I’ve had terrible luck with women. No, I’m not a bad person. I’ve never hit a woman. I’ve never insulted a woman. I’ve never treated a woman in a way she would tell me, “This is not how to treat a woman.” I never cheated on a woman. Yet, every woman that came my way found the exit door before I even realized that there was an exit door. 

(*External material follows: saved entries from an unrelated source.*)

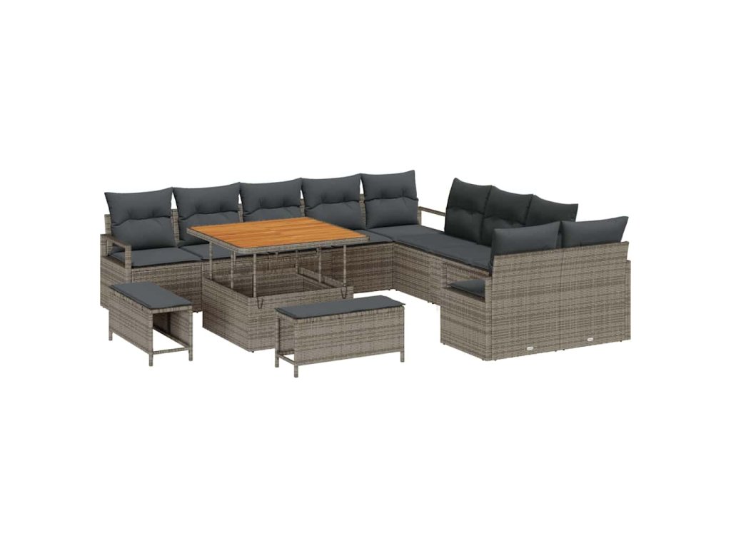 Sada zahradních pohovek s polštářem 13 pcs Šedá Poly ratan 3362578
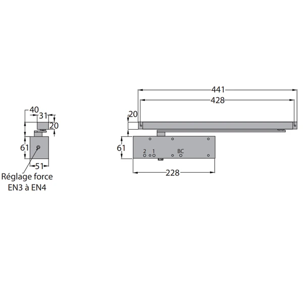 - Réglage de la vitesse de fermeture par la vis à double empreinte (plate et 6 pans).
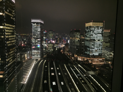 東京駅上のホテルから、新幹線のホーム上の眺め。ここだけ視界が抜けて、ちょっと珍しい感じで撮影。
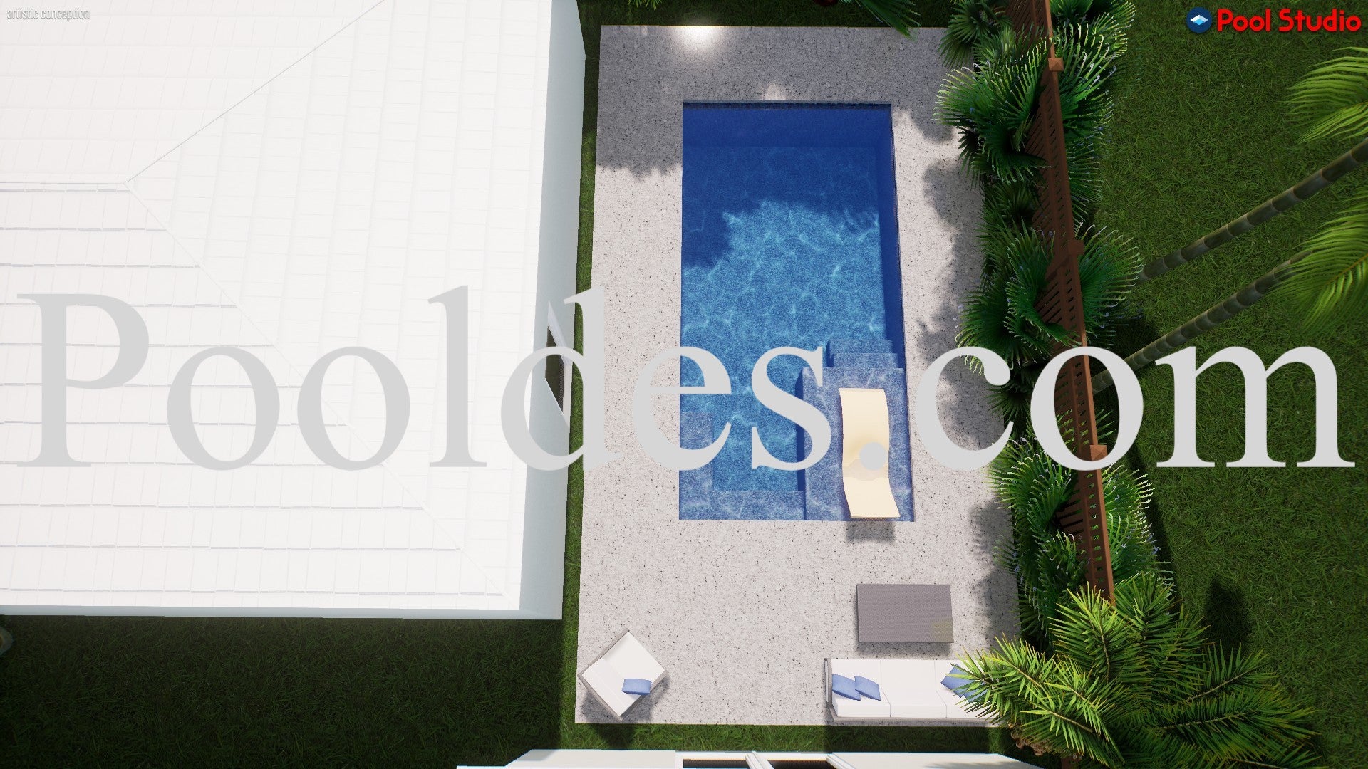 I created this custom pool rendering for a builder based on the specifications provided, survey, setback and access taken into consideration. The client wanted to include a bench seat and sun shelf to a plunge pool.
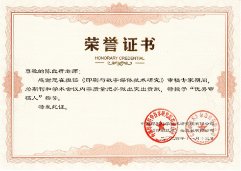 2024年11月15日,第15届中国印刷与包装学术年会暨产学研协同创新论坛在渤海之滨天津拉开帷幕,并于当日晚间举办颁奖典礼。在典礼上,为表彰优秀审稿专家对《印刷与数字媒体技术研究》期刊建设作出的卓越贡献,根据审稿专家在数量、质量、响应及时程度等方面的情况,共评选出优秀审稿人12名。我院陈良哲副教授榜上有名,获此殊荣。
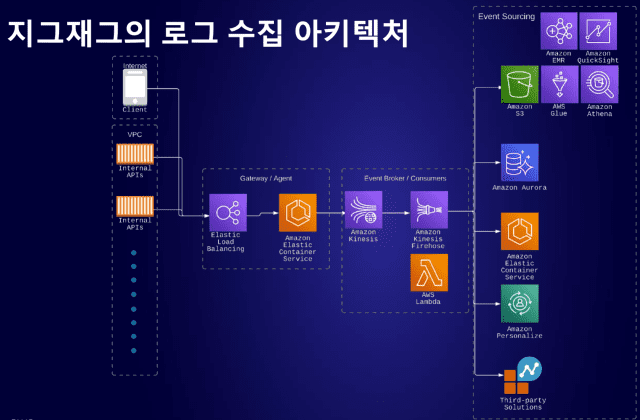 실시간 데이터 스트림은 아마존 키네시스 파이어호스를 활용한다. 실시간 데이터 양이 커지면 키네시스 파이어호스를 쉽게 확장해서 쓴다고 한다. 소성운 리더는 “하루에 수십억건 적재되는 행동 로그도 키네시스를 활용해 적재하고 있다”고 설명했다.
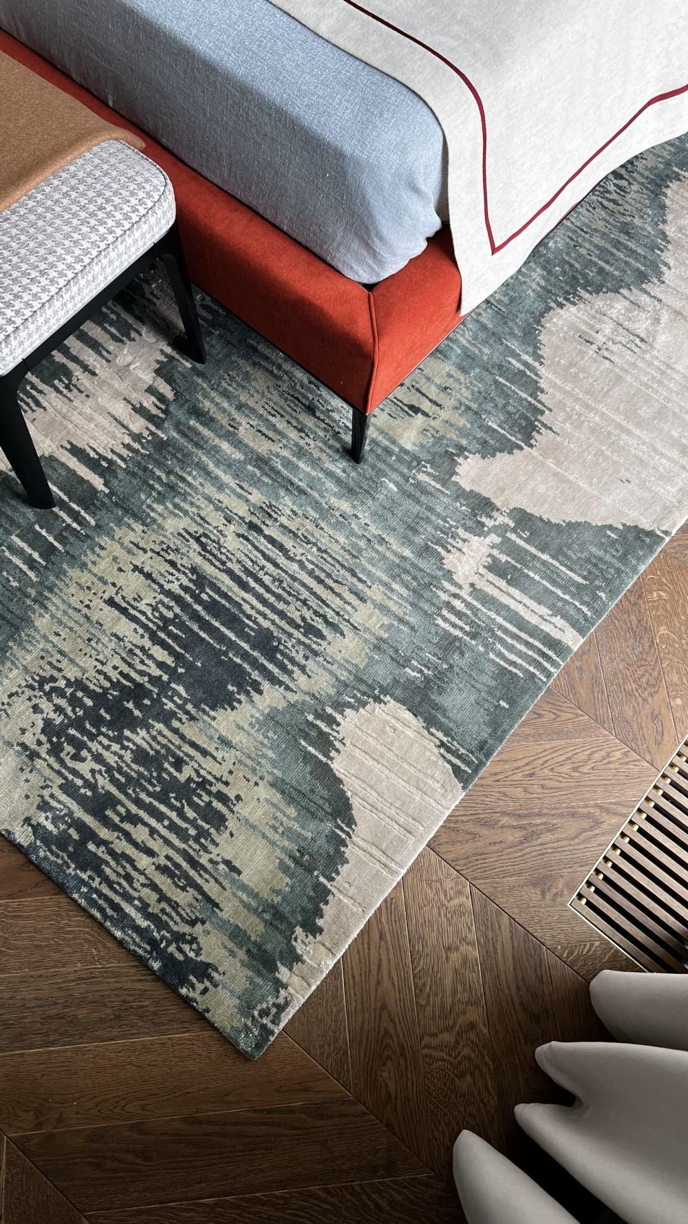 Бамбуковый шелк – гипоаллергенное волокно, придающее блеск орнаменту ковра.Высокая плотность Соткан с применением двойного узелка.

I’m not saying I’m a saint. I’m a man. A mere mortal with his shortcomings and misgivings but who in this world doesn’t have shortcomings? They always leave me. The reasons are usually flimsy but it’s their reasons. Someone even told me, “You’re too good and I don’t think I deserve a man like you.” That girl already had a boyfriend before she said yes to me. Three months later, I think the boy got a hint that she was cheating. To restore calm in her life, she cut me off. And I was like, “Why didn’t she cut the other guy off? If he was that good, she wouldn’t have come for me in the first place.” But that had always been my fate. I’m always the one they cut off when push comes to shove.

Then I met Vero. 

Anytime I added ‘nica’ to her name she complained. “When you call my name like that it sounds like I’m in trouble. Like I’ve done something to you and you’re so angry you ought to call my name in full for it to make sense. I’m Vero. Allow those I’m not in a relationship with to add ‘nica’ to my name. When it’s you, I’m Vero.” 

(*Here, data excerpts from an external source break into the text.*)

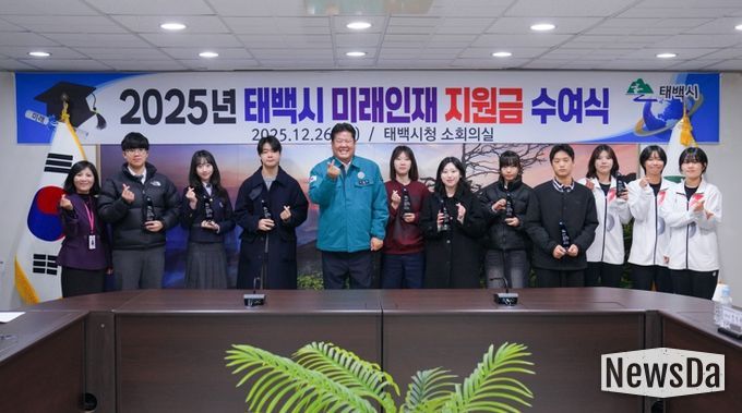 뉴스다 류대현 기자 | 태백시 지난 26일 시청 소회의실에서 2025년 태백시 미래인재 신규 선발자와 그 가족 등이 참석한 가운데 미래인재 지원금 및 인증패 수여식을 개최했다.
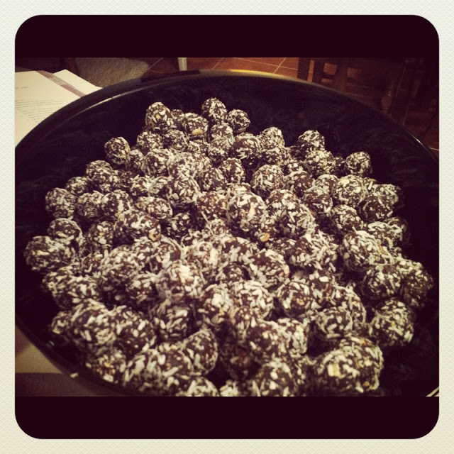 2 kg dadler, 1/2 kg havregryn og en masse kakao og kokos bliver til 400 lækre havregrynskugler, der sammen med en madplan bliver delt ud, når jeg står ved forlagets stand i Bella Centeret.
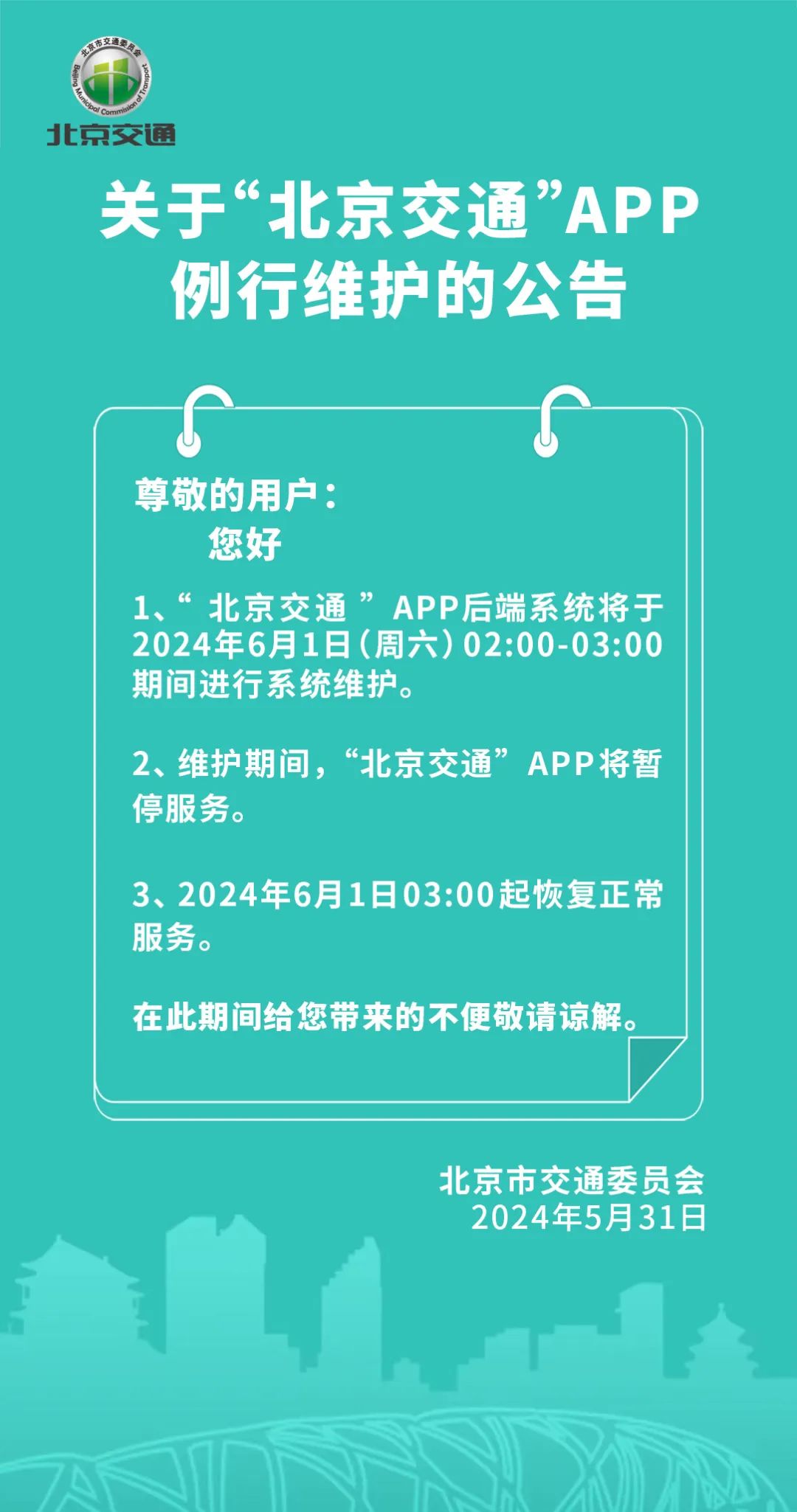 您好,“北京交通”APP后端系统将于2024年6月1日(周六)02:00-03:00期间进行系统维护。维护期间,“北京交通”APP将暂停服务,2024年6月1日03:00起恢复正常服务,在此期间给您带来的不便敬请谅解。
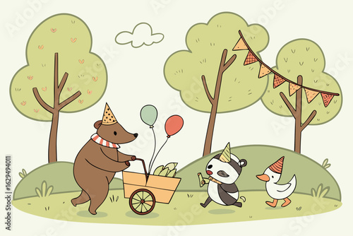 © Foysal, Naklejka premium Vector art of a cheerful bear and friends celebrate a birthday in the forest with balloons and gifts in this cute vector illustration
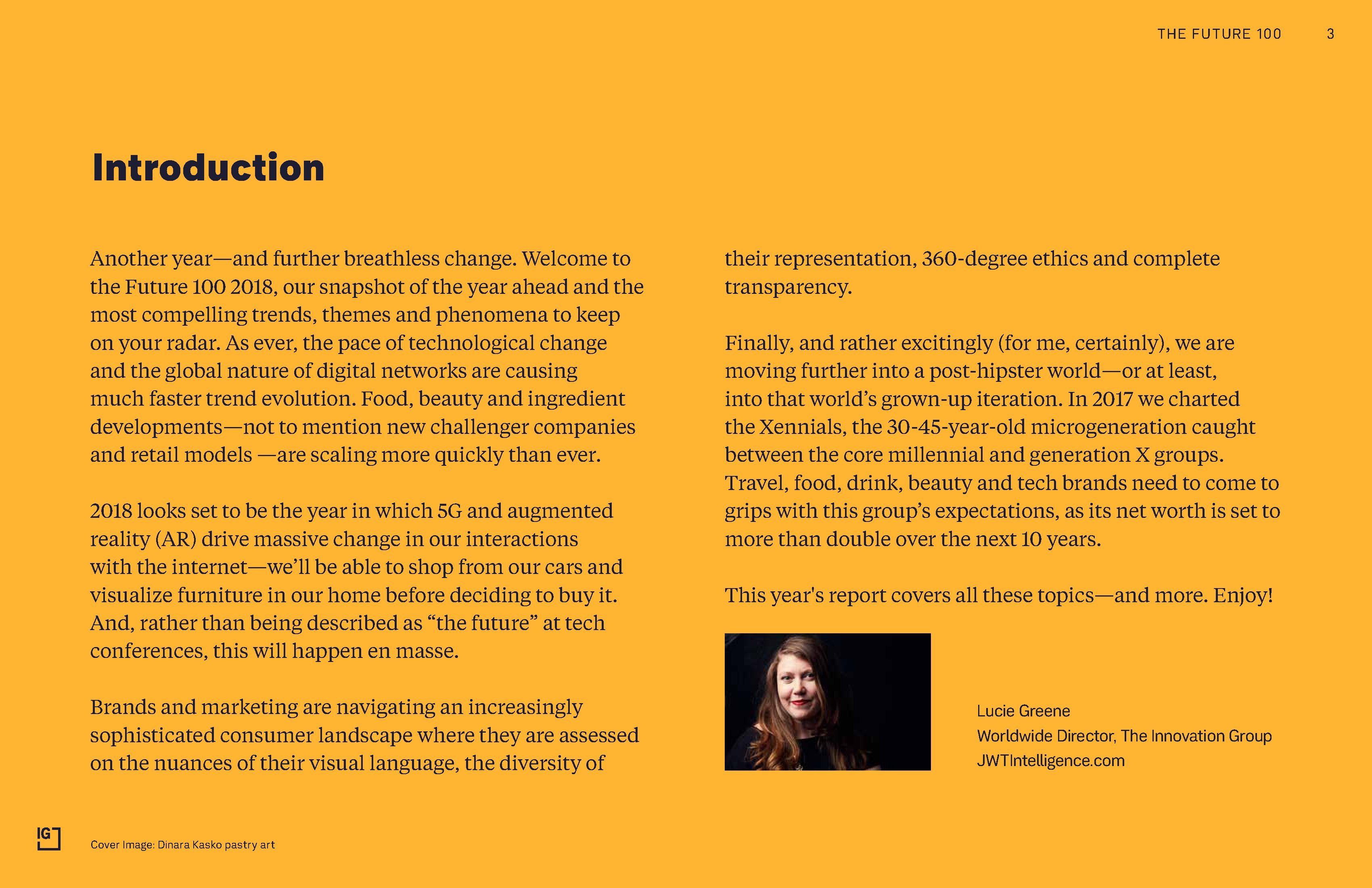 Innovation Group发布了“2018年未来100报告”,从文化、科技和创新、旅游、品牌和营销、食品和饮料、美容、零售、奢侈品、医疗保健和生活方式等方面展望了2018年的流行趋势、主题和现象。

I got it. I got it that she wanted her name to sound different on my lips. Some sort of differentiation between me and the ordinary people out there. So I said, “How about Verona? Is a beautiful city in Italy. A river runs through it. It’s the city where Romeo and Juliet happened. How about that? Am I not your Romeo? Are you not my Juliet?”

“Verona it is.”

The relationship with Verona started on a lie. A lie I reluctantly forgave. When I proposed to her it took weeks before she said yes to me. I didn’t pressure her and I didn’t call her every day to ask about my proposal. Considering the history of my bad luck with women, I wanted to get this right and I wanted her to say yes because she was really into it. One evening she texted; “OK, I accept to be your girlfriend on one condition that you won’t push for sex at this early stages of our relationship.” I accepted the condition because I was never in a rush to have her do everything girlfriends do. I thought we had time so why rush. 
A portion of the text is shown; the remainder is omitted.